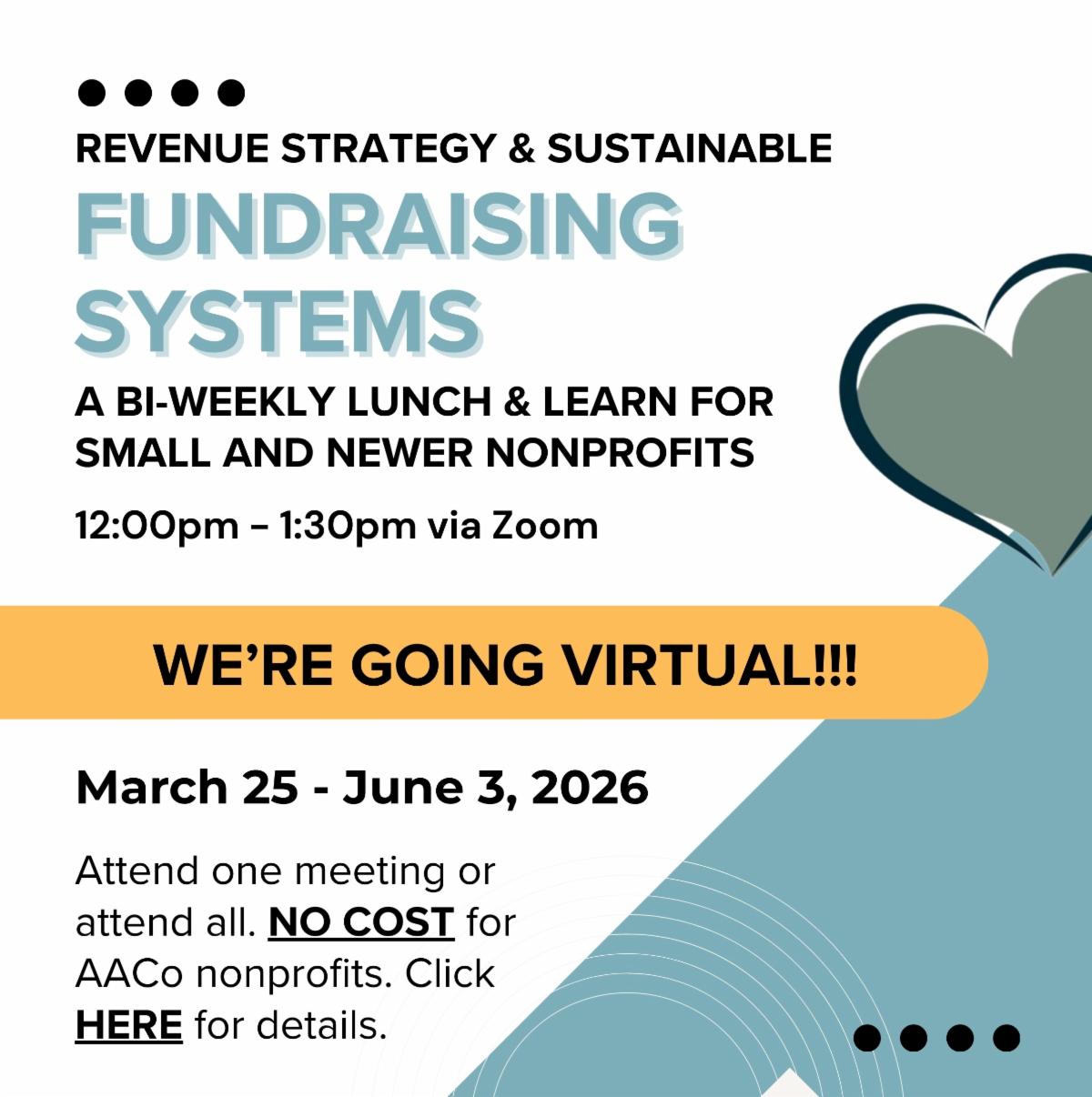 We recognize that nonprofit leaders need more flexible options, so we're pleased to announce that the F&S cohort content for small and newer nonprofits will now be available in a Lunch & Learn webinar format. The series is free for AACo nonprofits.
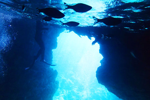 感動の『青』を味わった後は再び洞窟の外へ泳ぎだし、、
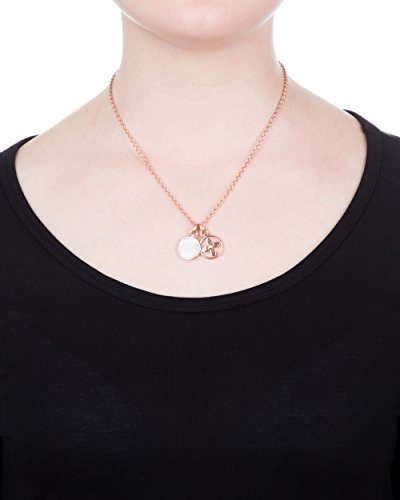 Catena in acciaio inossidabile in finitura lucida in oro rosa, elementi circolari in tonalità oro rosa con 1 cristallo trasparente e madreperla - Chiusura a moschettone
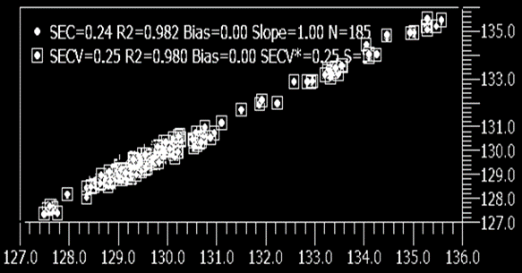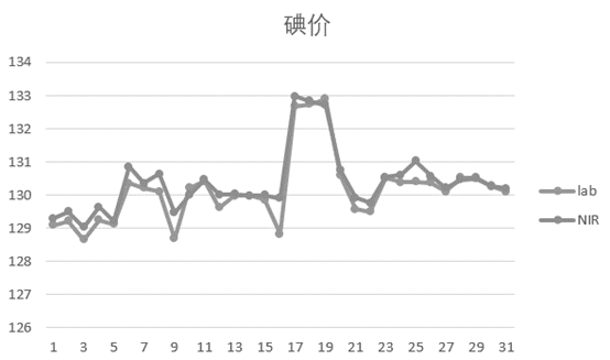 從圖中可看出碘價定標模型的化學值和預測值有很好的相關性,驗證集相關系數達 R2 到 0.982,驗證集偏差 SECV 為 0.25,模型具有較高的穩定性和預測能力,預測效果如圖 3 所示。
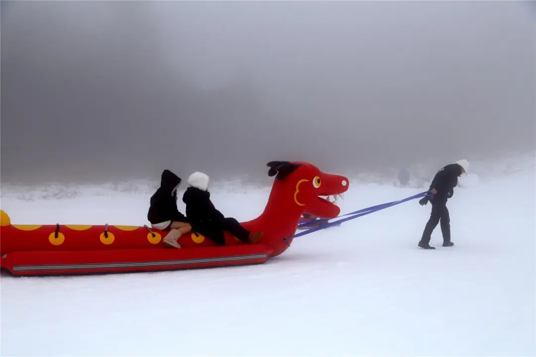 此外,滑雪場還主打戲雪項目,木質(zhì)爬犁
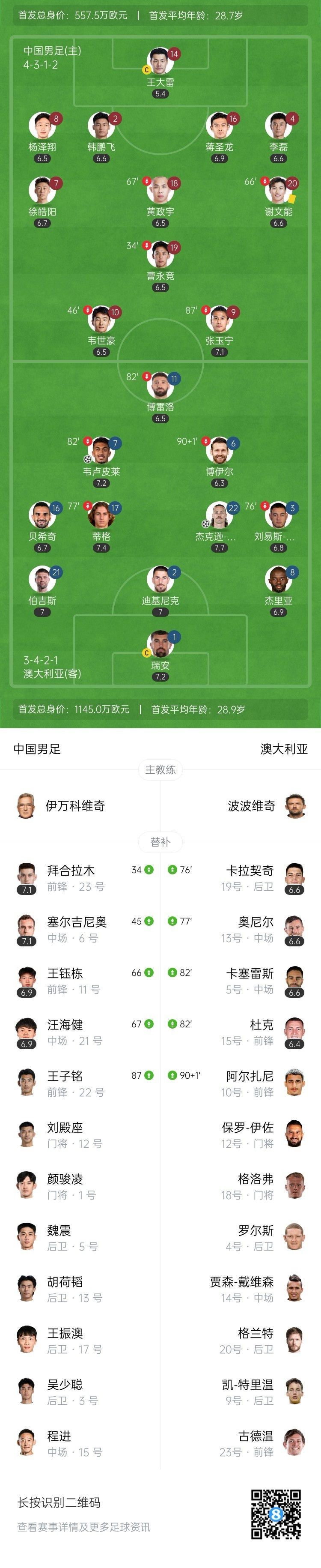 超级双误!国足0-2澳大利亚 黄政宇王大雷送礼 塞鸟王钰栋首秀
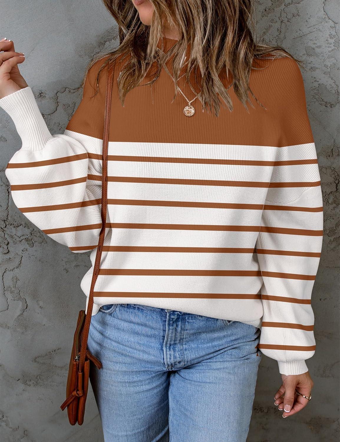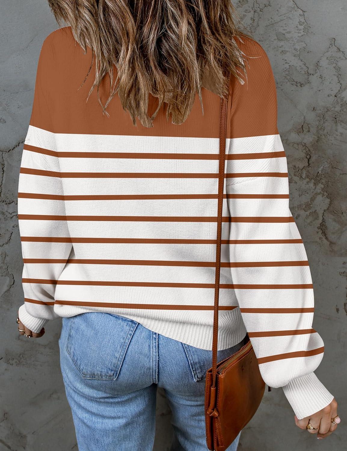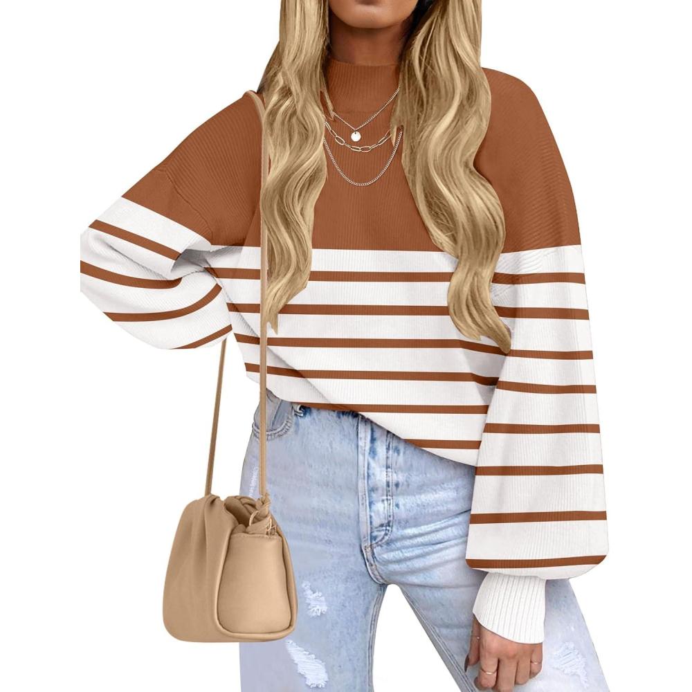ZESICA Women's 2025 Fall Fashion Turtleneck Long Sleeve Striped Ribbed Knit Loose Pullover Sweater Tops(Caramel)
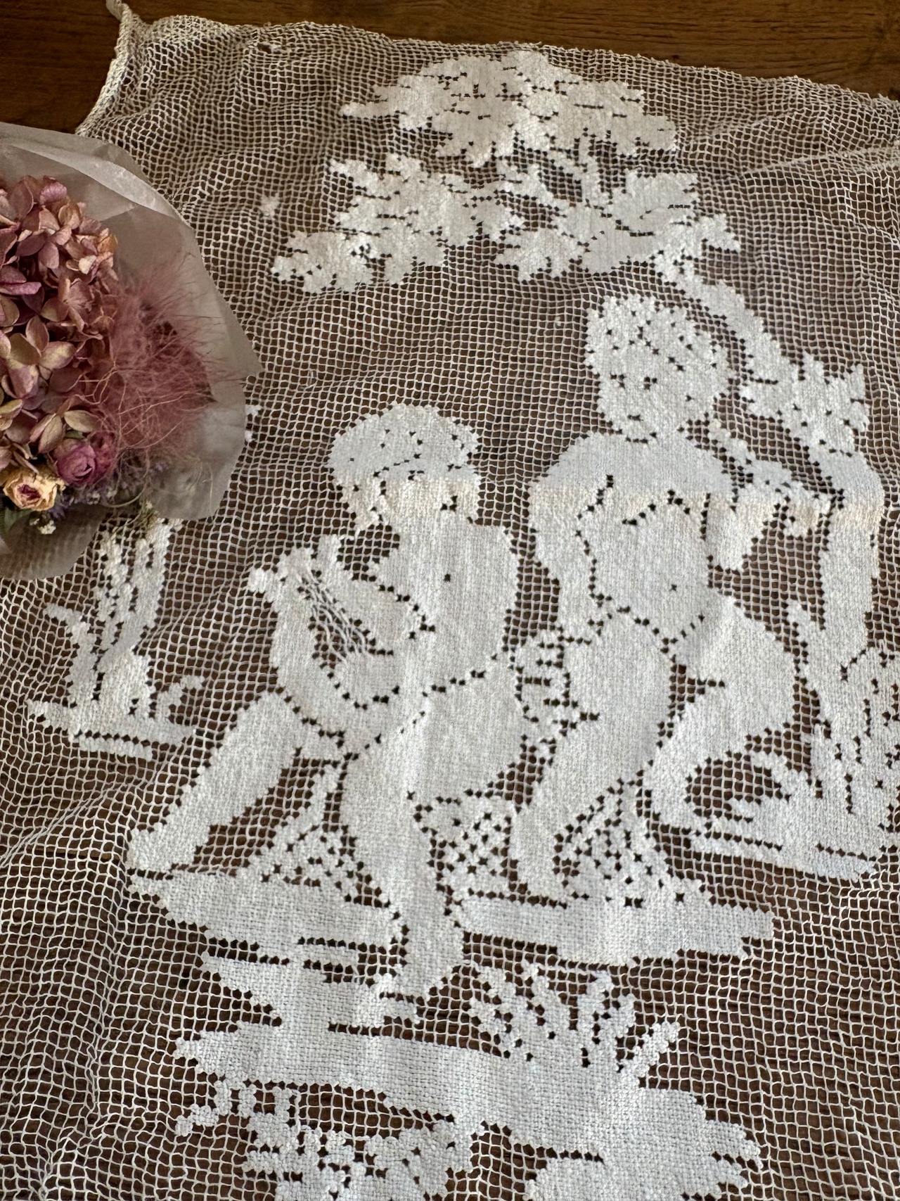 天使モチーフのフィレレース フランスアンティーク アンティークレース フィレレース
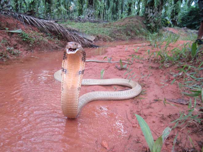 Hiện chưa rõ hổ mang chúa cắn chết người đàn ông xấu số, nhưng một số nhân chứng nói họ nhìn thấy con rắn dài tới hơn 4 mét xuất hiện ở khu vườn dầu cọ.
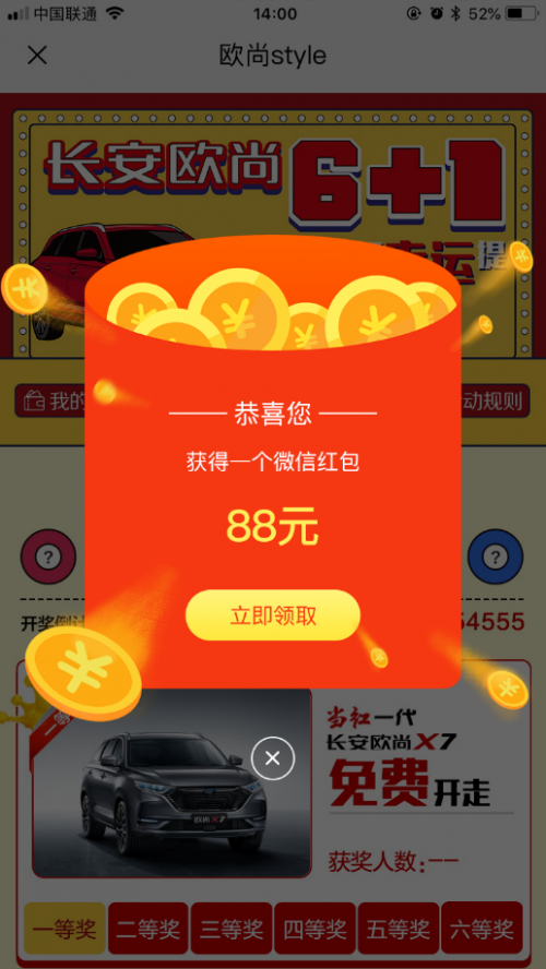 参与“长安欧尚6+1,当红X7幸运提”活动并完成任务,即可获取随机数字;
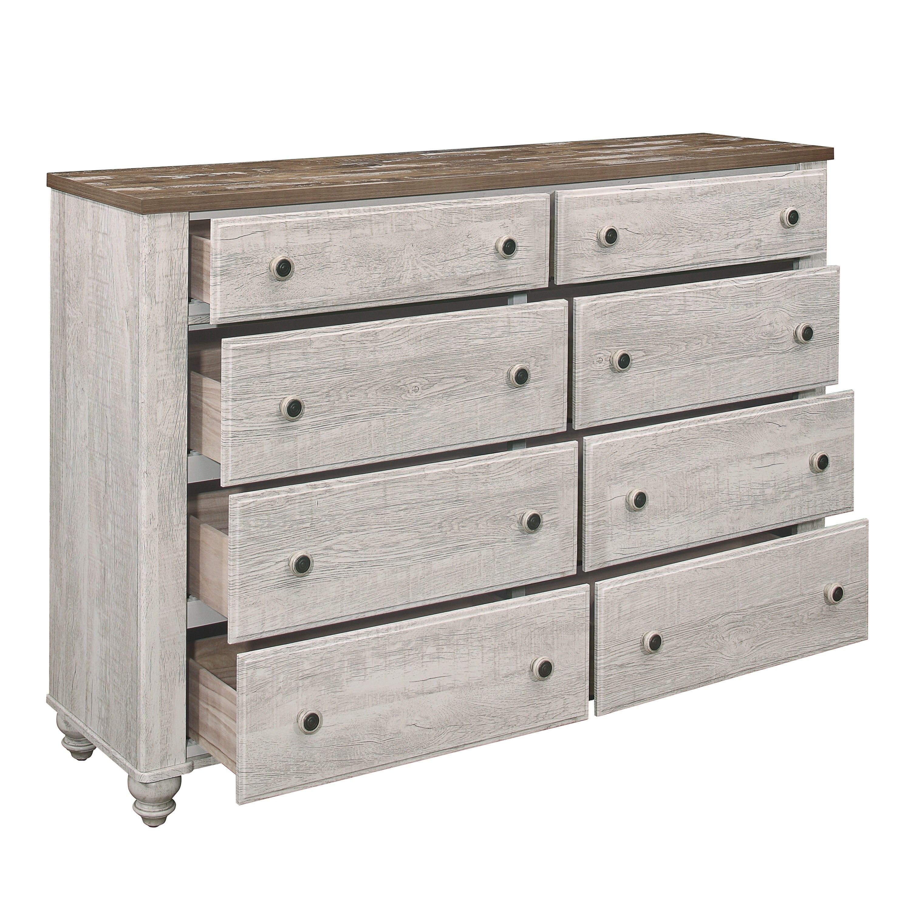 Home > Transitional Rustic Style 1pc Dresser of 8 Drawers Two-Tone Antique White and Brown Classic Bedroom Furniture
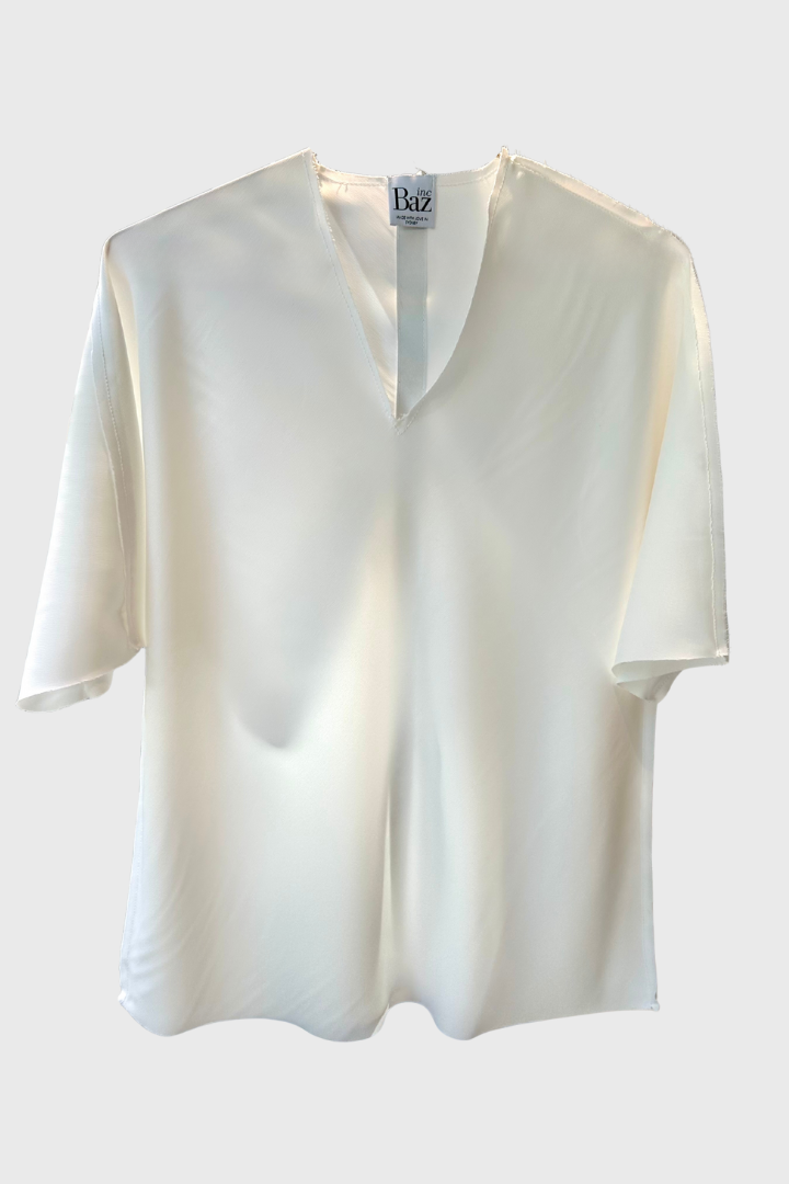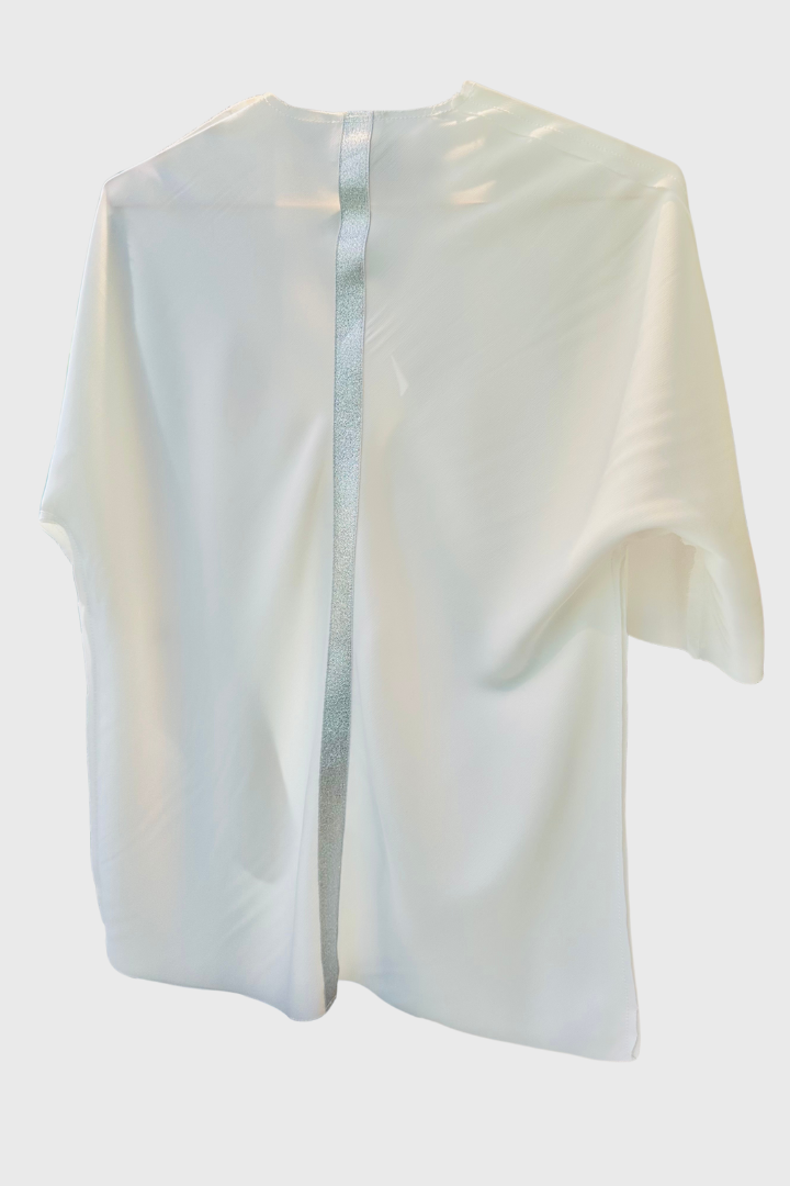 A modern wardrobe essential with a subtle twist. This crisp white top is elevated by a sleek metallic silver stripe running down the back, adding a touch of understated glamour to an everyday silhouette. Crafted from a lightweight, breathable fabric, it’s designed with a relaxed fit that drapes beautifully - easy to style for both day and evening.

....................

- **What to produce**: Leave the pictures out and restate exactly the lines from the one that has "Home > Transitional" through the final line of the entries above, both ends included.

- **Written solution**:
 Home > Transitional Rustic Style 1pc Dresser of 8 Drawers Two-Tone Antique White and Brown Classic Bedroom Furniture
 A modern wardrobe essential with a subtle twist. This crisp white top is elevated by a sleek metallic silver stripe running down the back, adding a touch of understated glamour to an everyday silhouette. Crafted from a lightweight, breathable fabric, it’s designed with a relaxed fit that drapes beautifully - easy to style for both day and evening.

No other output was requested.